Page MenuHomePhabricator

Provide browser-based apps an alternative way to specify the user agent in RESTBase APIs
Closed, ResolvedPublic

Description

Per the Wikimedia user agent policy, users of Wikimedia APIs must set an informative user agent. Normally this is done via the User-Agent HTTP header, but browser-based applications are not allowed to change that for security reasons. The policy says such applications should provide a custom Api-User-Agent header. The action API accepts such headers but the REST APIs do not.

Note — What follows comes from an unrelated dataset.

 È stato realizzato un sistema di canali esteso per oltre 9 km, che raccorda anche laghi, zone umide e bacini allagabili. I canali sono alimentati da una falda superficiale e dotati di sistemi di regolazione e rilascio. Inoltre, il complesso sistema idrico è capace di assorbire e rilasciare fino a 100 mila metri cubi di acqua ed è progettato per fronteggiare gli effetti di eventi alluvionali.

Wikimedia REST APIs should, at a minimum, whitelist such a custom header in their CORS rules, and ideally log its contents instead of, or next to, the default user agent header.

Event Timeline

Tgr raised the priority of this task from to Needs Triage.
Tgr updated the task description. (Show Details)
Tgr added a project: RESTBase.
Tgr subscribed.
GWicke triaged this task as Medium priority.Oct 12 2016, 4:55 PM
GWicke added a project: Services (next).
GWicke set Security to None.

Unfortunately, if we require clients to set Api-User-Agent header, that would break CORS for redirect pages ( see https://phabricator.wikimedia.org/T148368#2732596 ). Currently a cross-domain requests to RESTBase doesn't require a preflight, so all works, but if we require the Api-User-Agent header to be set, preflight becomes required.

So, supporting this is possible for cases of same-domain requests (like from VisualEditor), but the usability would be quite limited. Do you think we still wanna implement it just for VE?

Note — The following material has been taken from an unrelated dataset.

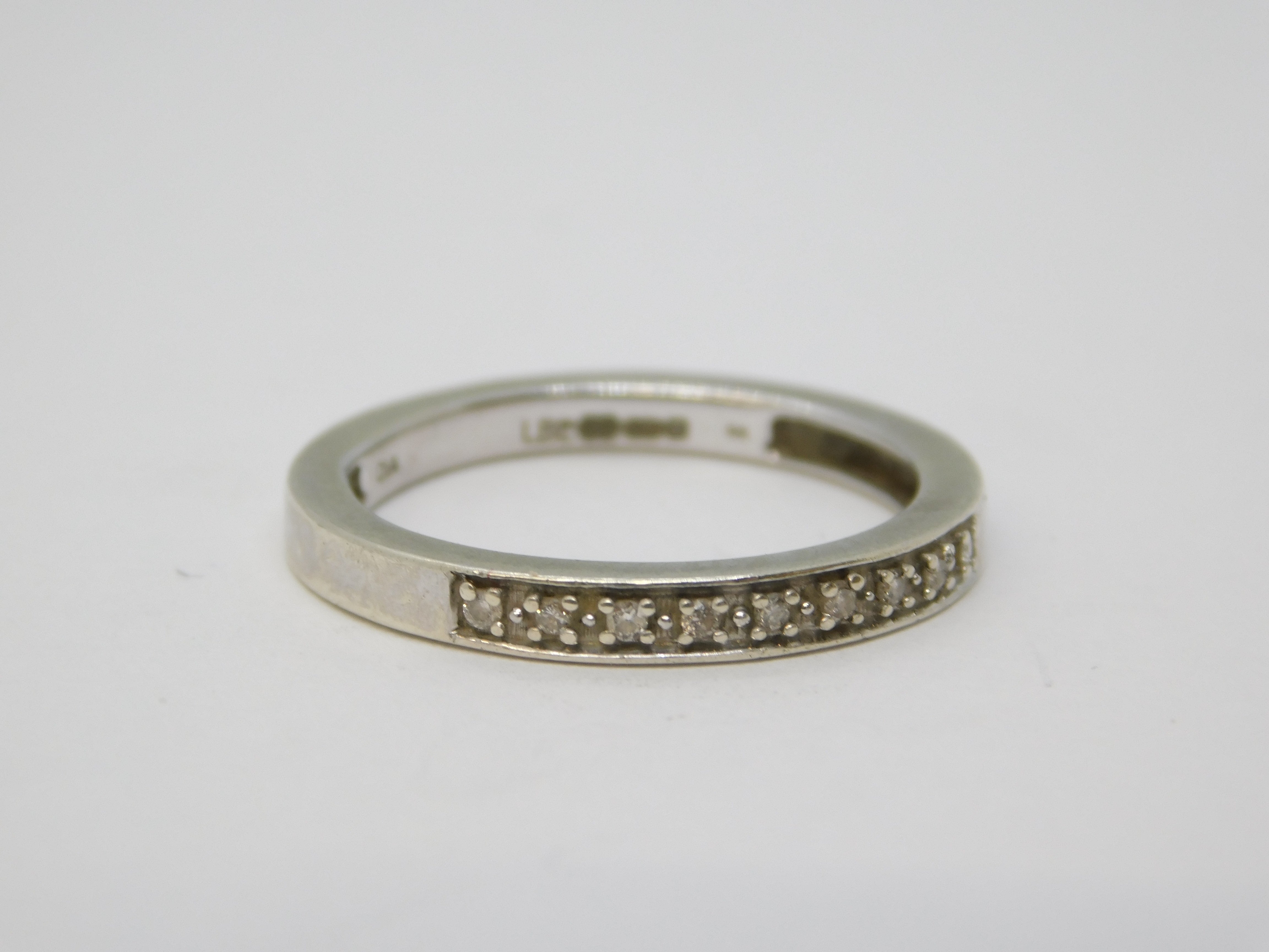Details: A fantastic and wonderfully designed vintage 9ct white gold half-eternity ring set with small diamonds hallmarked London c1990 to the interior, the diamonds have been tested. This is a wonderful item that would make a perfect gift or addition to any collection. We are more than happy to provide XRF reports for items upon request.

The latest CORS spec does support redirects (see https://github.com/whatwg/fetch/issues/204 for history). You should keep the Api-User-Agent header optional for backwards compatibility (and to not inconvenience clients which do supply a useful User-Agent), but you could make it possible - adding it to the CORS whitelist does not harm clients which don't try to set it.

Also, if the API does the redirect (as opposed to e.g. a varnish redirect because the request went to the wrong domain), you can just avoid redirecting CORS preflight requests (you can still redirect the real request afterwards).

@Tgr, as of today we do allow (but don't require) Api-User-Agent.

Thanks for the pointer to the change in the fetch spec. I'm glad that they fixed this. It'll take a while until a significant portion of deployed clients have picked up that change, but at least it's moving in the right direction.

Also, if the API does the redirect (as opposed to e.g. a varnish redirect because the request went to the wrong domain), you can just avoid redirecting CORS preflight requests (you can still redirect the real request afterwards).

Those responses would normally not be cacheable, which we'd like to avoid.

Also, create a PR to log the Api-User-Agent if it's provided.

PR merged, moving to 'done' pending deployment

Functionally this is now complete. To make this feature discoverable, we should mention the header in the api docs.

@Tgr, as of today we do allow (but don't require) Api-User-Agent.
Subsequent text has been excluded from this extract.